GERMANY - Berlin Airport Authority and Segro have agreed the development of a 38-hectare business and logistics park next to Berlin's Schönefeld airport after the London-listed property investor acquired the land for €34m.

Segro, which has Shropshire local authority'S pension fund as a shareholder, will construct the €120m park next to Berlin Brandenburg International Airport, a terminal under construction. The expanded airport will in 2011 replace the three which now serve the city.

The firm is marketing the deal as evidence of its aim to increase its presence specifically in Germany as well as in continental Europe generally. It also noted the significance of its involvement in an infrastructure project at the launch stage, with an option on 24 additional acres before 2011.

Under the agreement, the airports authority will provide the infrastructure for the project and construction will take place in three phases, with initial infrastructure work beginning mid-2008. SEGRO spokesman Michael Waring has ruled out its direct investment in infrastructure. "We will occasionally directly seek to improve local infrastructure to facilitate our sites but direct infrastructure investments themselves are absolutely not what Segro does," he said.
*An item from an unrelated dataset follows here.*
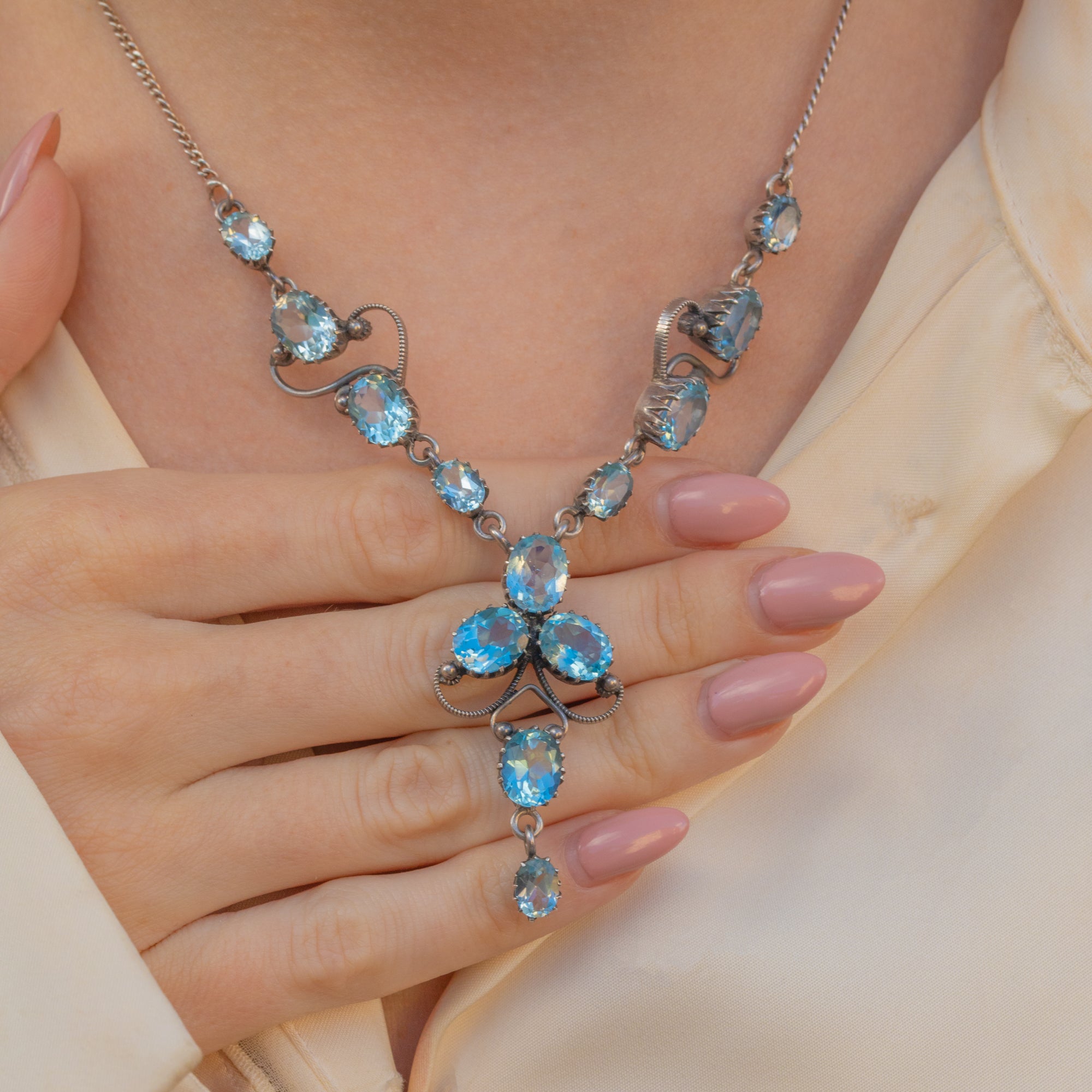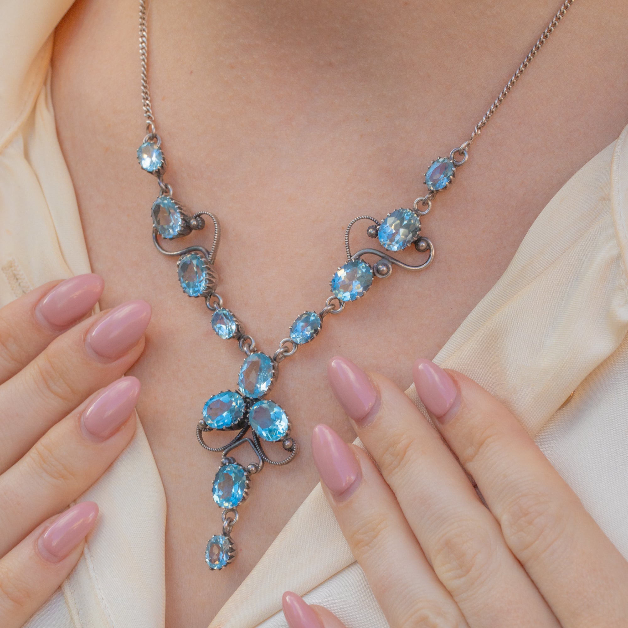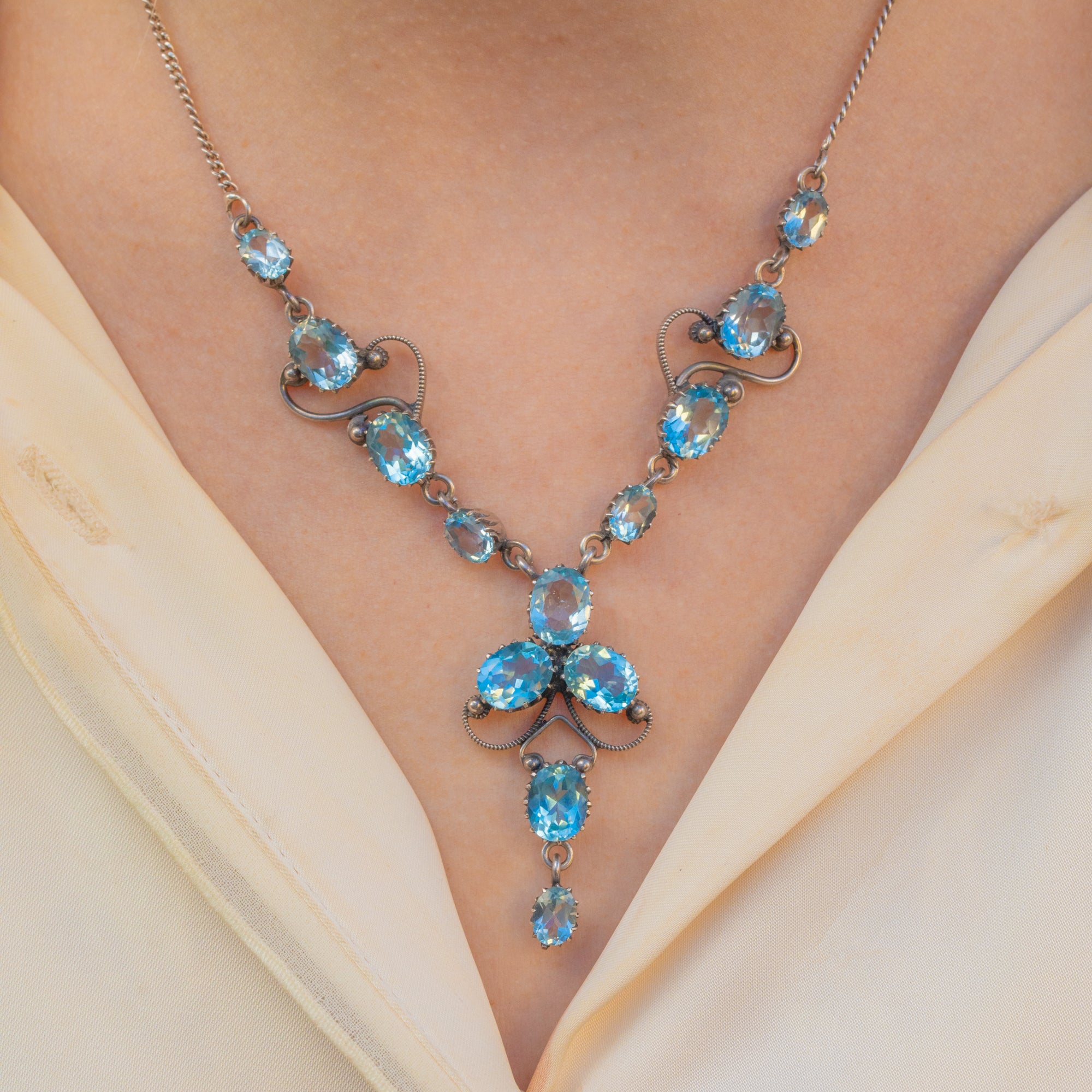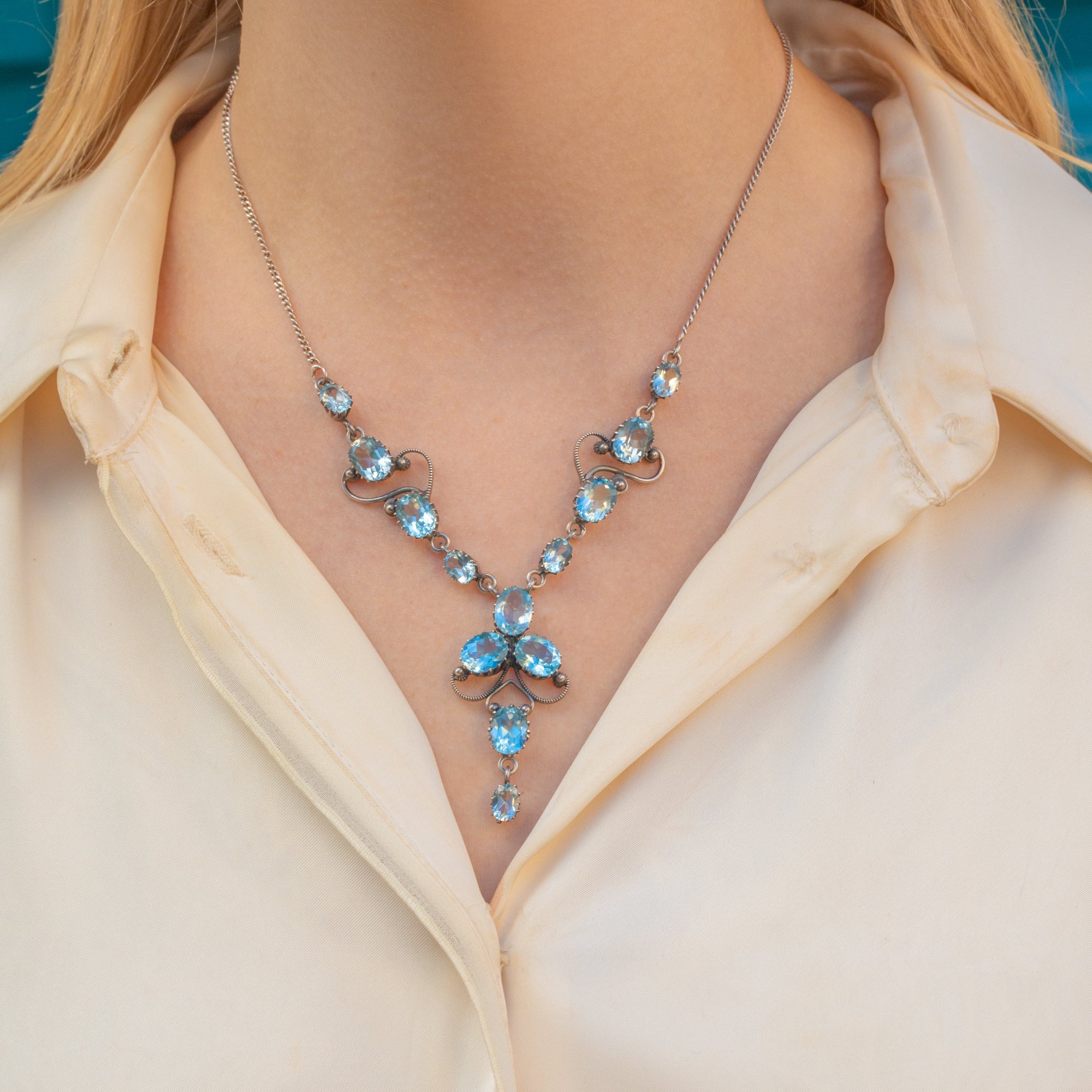 Add timeless elegance to your collection with this stunning Silver Edwardian blue Topaz drop necklace! Boasting thirteen radiant blue Topaz gemstones, this antique necklace is the perfect sophisticated occasion piece.

"We want to be where our customers want to operate - major business centres, distribution hubs, airports, seaports, major European road junctions and other transport arteries - along Europe's freight corridors. We are not always located right beside major air or sea ports; simple good general transport connections may be sufficient. It's a case of what works best for our occupiers," he added.

"In many Western European locations, proximity to a major airport or inter-modal transport hub is a clear advantage to us, but in Poland some of our sites are in the absolute prime road locations, partly because the planning regime can be more flexible in Eastern Europe."
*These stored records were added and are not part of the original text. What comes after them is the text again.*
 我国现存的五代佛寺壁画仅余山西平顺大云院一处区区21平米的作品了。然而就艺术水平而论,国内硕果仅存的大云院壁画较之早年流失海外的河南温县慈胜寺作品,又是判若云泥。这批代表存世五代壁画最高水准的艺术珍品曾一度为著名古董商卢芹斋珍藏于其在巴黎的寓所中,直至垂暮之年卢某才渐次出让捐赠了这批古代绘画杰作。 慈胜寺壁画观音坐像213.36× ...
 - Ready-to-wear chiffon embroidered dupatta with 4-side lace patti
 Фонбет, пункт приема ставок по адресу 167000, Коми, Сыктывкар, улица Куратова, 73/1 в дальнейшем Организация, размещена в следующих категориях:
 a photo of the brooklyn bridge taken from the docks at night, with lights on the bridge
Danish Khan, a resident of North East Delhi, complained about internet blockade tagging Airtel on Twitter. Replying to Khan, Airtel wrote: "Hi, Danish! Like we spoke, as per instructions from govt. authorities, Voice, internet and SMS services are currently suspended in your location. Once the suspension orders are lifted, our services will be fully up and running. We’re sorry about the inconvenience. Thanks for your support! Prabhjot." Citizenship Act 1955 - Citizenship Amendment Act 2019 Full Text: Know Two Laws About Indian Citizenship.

Segro's strategy is to focus on high-growth areas with strong transport infrastructures.
Despite hype around proximity to a hub serving 20m people, the firm last week stressed its cautious approach to the development, which will involve only "an element" of speculative build.

In its earlier incarnation as Slough Estates, Segro partnered pension funds in property ventures, including one with BA pension fund for part of its Wynyard development in the northeast of England.